We have reached peak screen

We have reached peak screen

The smartphone hypnotizes us into screen glaring addicts.

We have zero control of our attention and it makes us feel like we’re losing our mind. Writes Farhad Manjoo in his piece We Have Reached Peek Screen:

Screens are insatiable. At a cognitive level, they are voracious vampires for your attention, and as soon as you look at one, you are basically toast.

There are studies that bear this out. One, by a team led by Adrian Ward, a marketing professor at the University of Texas’ business school, found that the mere presence of a smartphone within glancing distance can significantly reduce your cognitive capacity. Your phone is so irresistible that when you can see it, you cannot help but spend a lot of otherwise valuable mental energy trying to not look at it.
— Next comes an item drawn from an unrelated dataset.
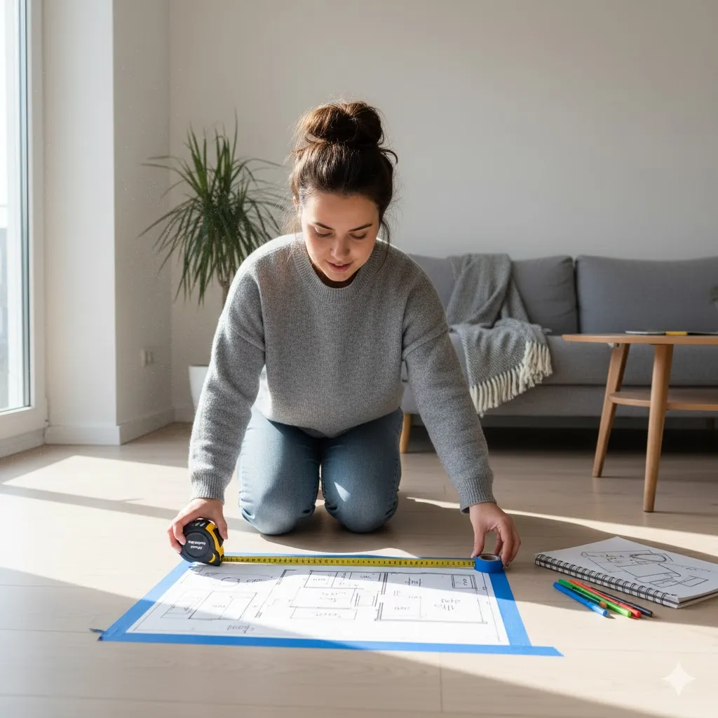 Before moving heavy pieces, mark the footprints right on the floor. Tape the sofa length and depth, the rug outline, and the coffee table circle or rectangle. Live with this “ghost furniture” for a day. Can you pass behind the sofa easily? Do doors open fully? Does the TV distance feel right? Adjust the tape until walking feels natural. Then move the real items. It’s the cheapest, easiest way to avoid dents, scrapes, and regrets.

The companies Apple and Google who got us hooked in the first place are now trying to reduce screen time by outsourcing things like to-do’s to voice assistants like Siri.

If Apple could only improve Siri, its own voice assistant, the Watch and AirPods could combine to make something new: a mobile computer that is not tied to a huge screen, that lets you get stuff done on the go without the danger of being sucked in. Imagine if, instead of tapping endlessly on apps, you could just tell your AirPods, “Make me dinner reservations at 7” or “Check with my wife’s calendar to see when we can have a date night this week.”

That candy-colored rectangular glow is too seductive, a trap that leads into a ludic loop of distraction. It’s about time the tech heads, like car companies did with seat belts, are doing something to preserve our neurological safety.